▸ PROVIDED INFORMATION:
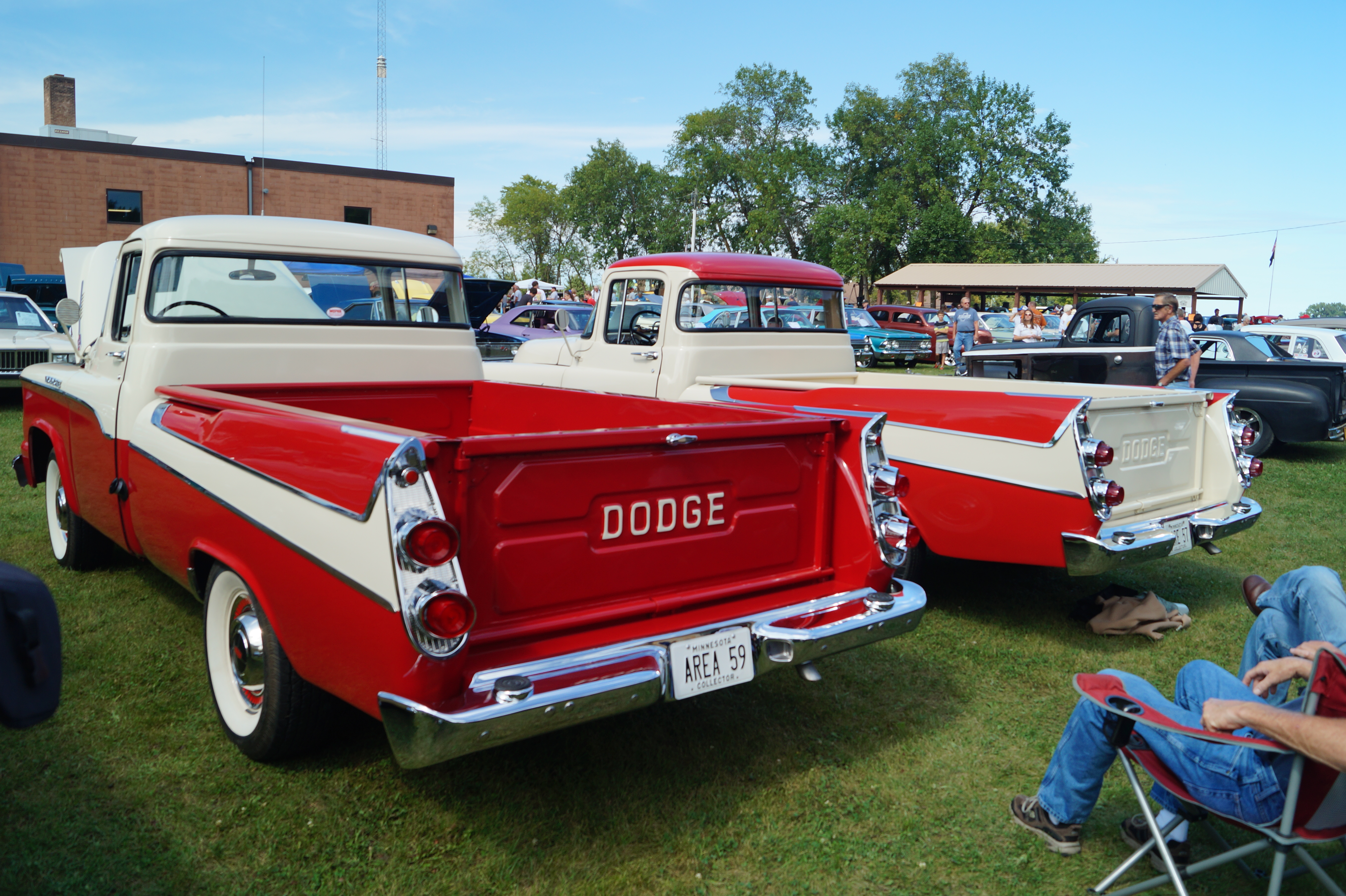 7th Annual Trolls Classic Car Show Hosted by: Sunburg Trolls Car Club Club Website: Labor Day, September 7, 2015 Sunburg Community Center Sunburg, Minnesota Click here for more car pictures at my Flickr site.
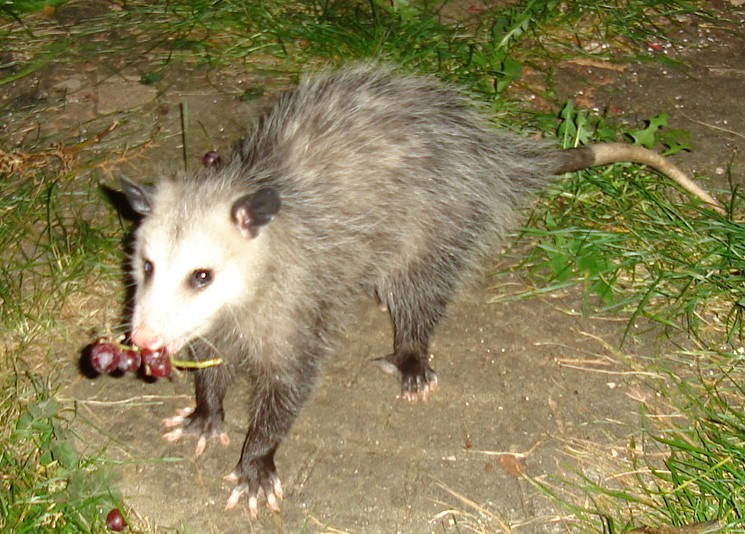 photograph of a Virginia opossum with some purple grapes. Patricia O'Tuama, northern Illinois, Sept 24, 2007.
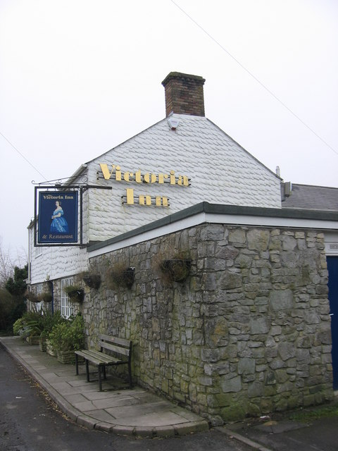 The Victoria Inn, Sigingstone A youthful Queen Victoria on the sign.
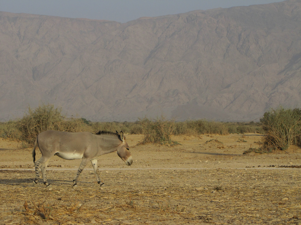 Yotveta Hai-Bar, Wildlife and Plants of Israel
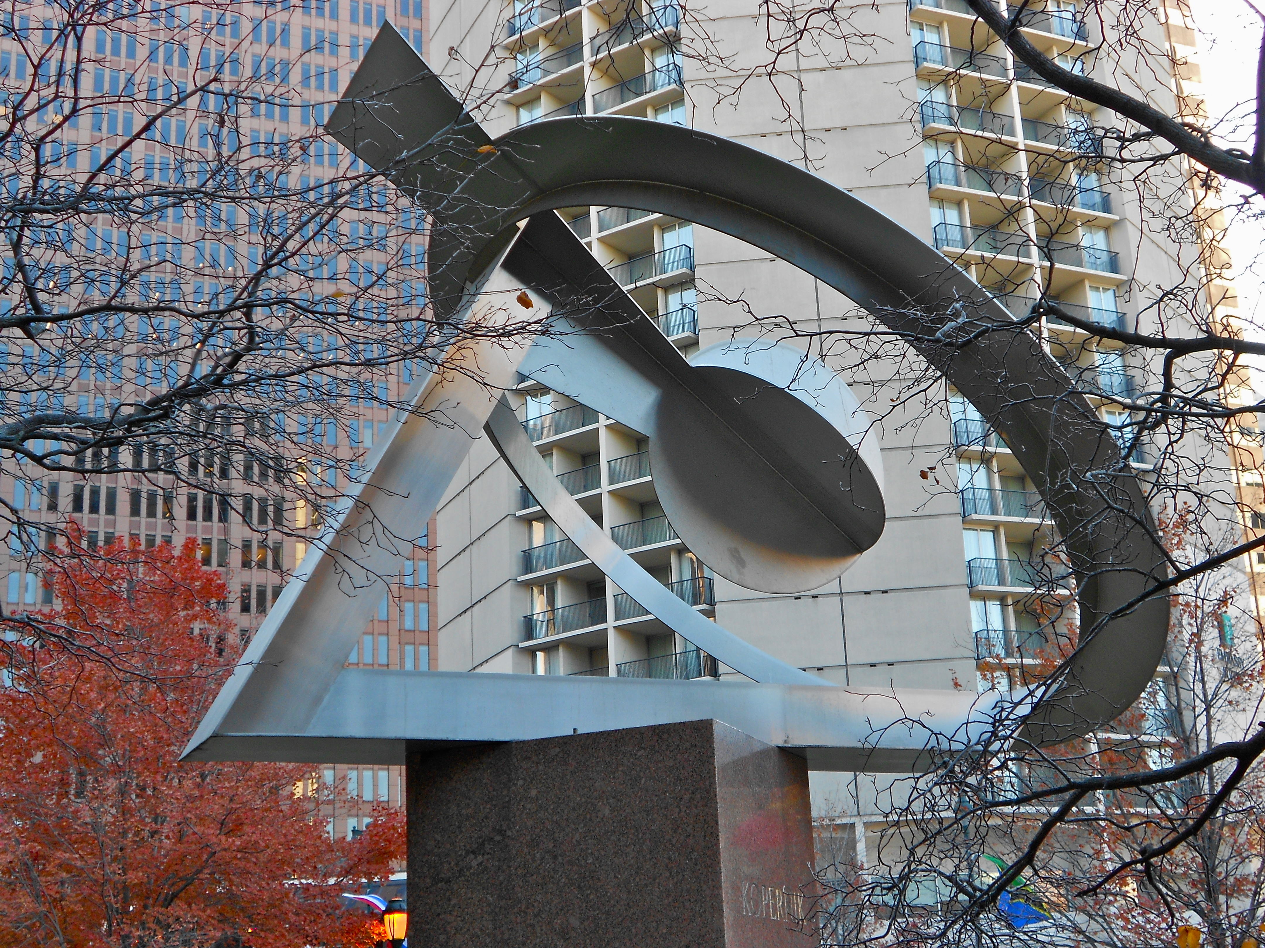 Kopernik sculpture (1972) by Dudley Talcott (1899–1986) at 18th Street and Benjamin Franklin Parkway Stainless steel, on red granite base Height 12'; diameter 16' (base height 11'8") Initiated by Polish-Americans of Philadelphia Owned by the City of Philadelphia No visible copyright notice, thus out of copyright
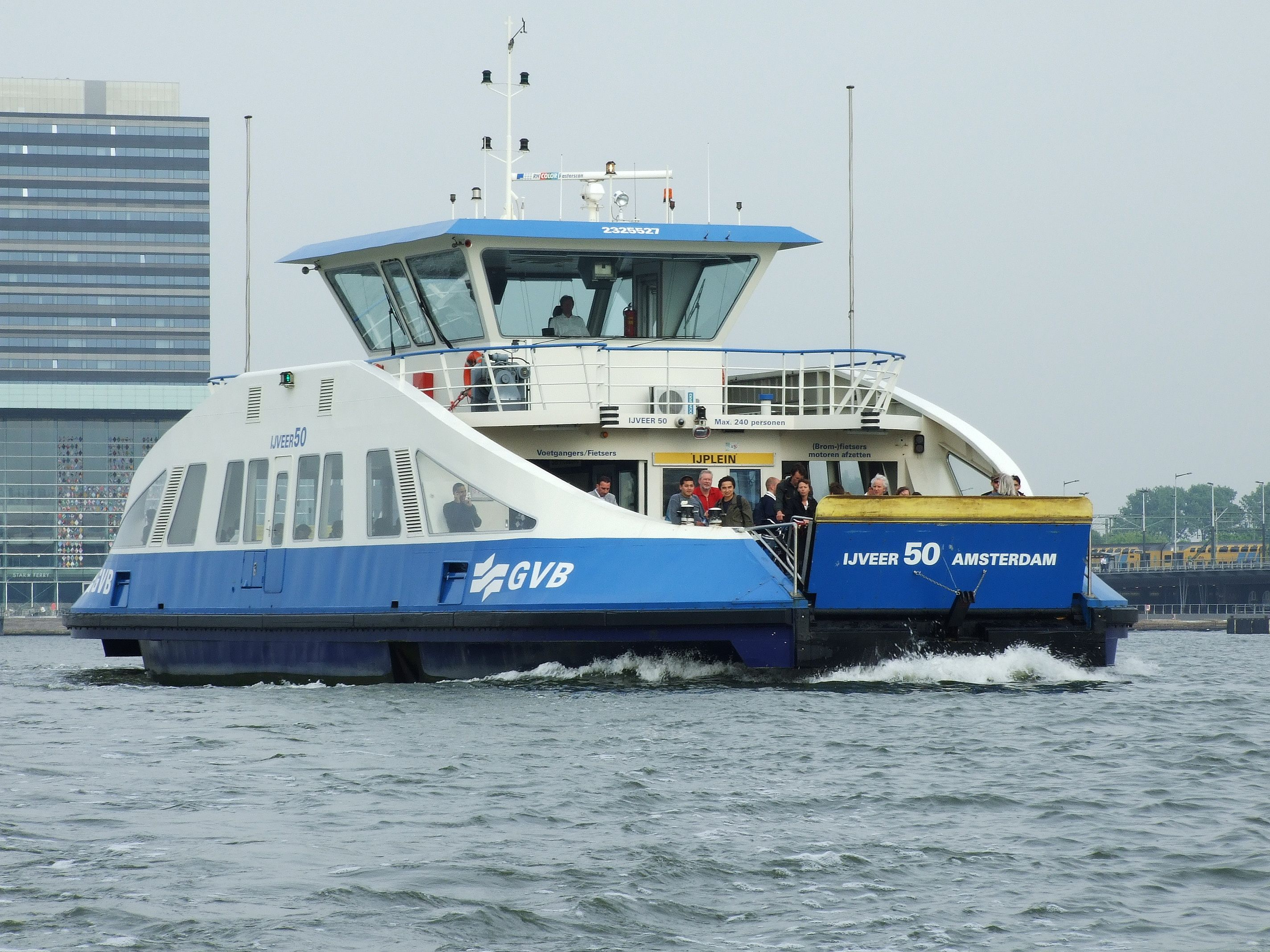 The Ij Ferry, Amsterdam
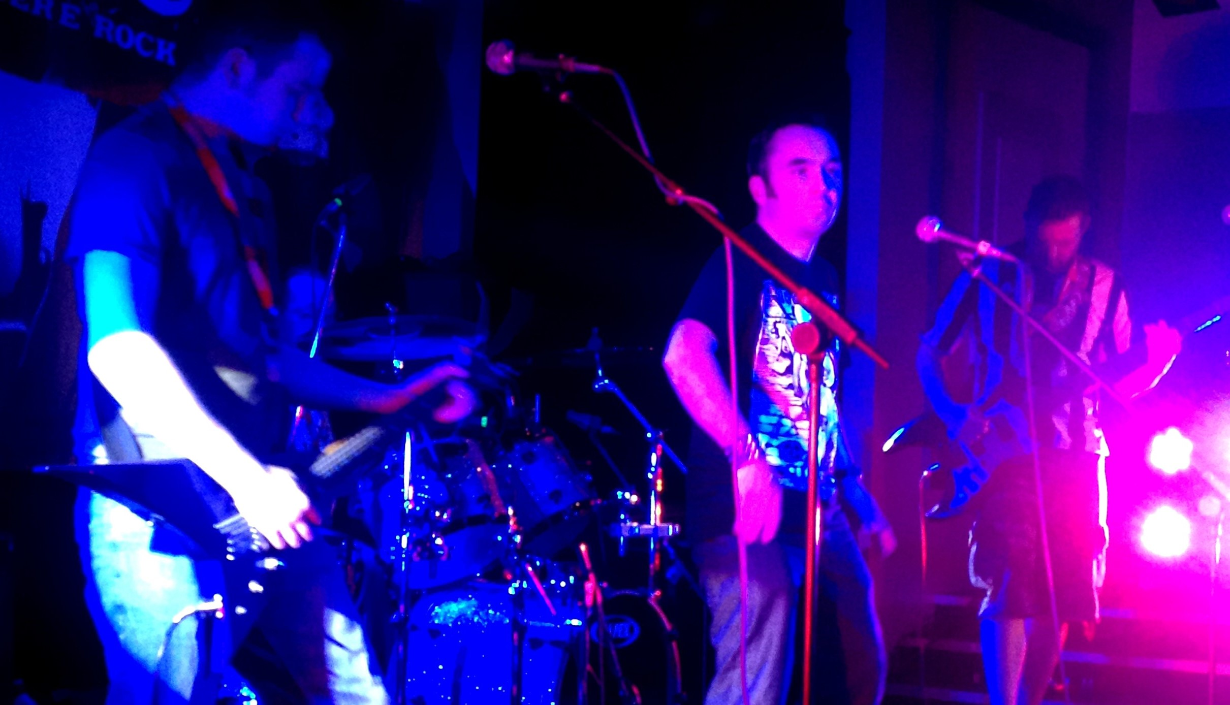 Picture taken during a concert at Planet Rockstock in Great Yarmouth on December 7th 2013 with strict permission by the band!

▸ TASK REQUIREMENTS:
Print each entry shown above with exact wording and no pictures.

▸ TASK OUTPUT:
 7th Annual Trolls Classic Car Show Hosted by: Sunburg Trolls Car Club Club Website: Labor Day, September 7, 2015 Sunburg Community Center Sunburg, Minnesota Click here for more car pictures at my Flickr site.
 photograph of a Virginia opossum with some purple grapes. Patricia O'Tuama, northern Illinois, Sept 24, 2007.
 The Victoria Inn, Sigingstone A youthful Queen Victoria on the sign.
 Yotveta Hai-Bar, Wildlife and Plants of Israel
 Kopernik sculpture (1972) by Dudley Talcott (1899–1986) at 18th Street and Benjamin Franklin Parkway Stainless steel, on red granite base Height 12'; diameter 16' (base height 11'8") Initiated by Polish-Americans of Philadelphia Owned by the City of Philadelphia No visible copyright notice, thus out of copyright
 The Ij Ferry, Amsterdam
 Picture taken during a concert at Planet Rockstock in Great Yarmouth on December 7th 2013 with strict permission by the band!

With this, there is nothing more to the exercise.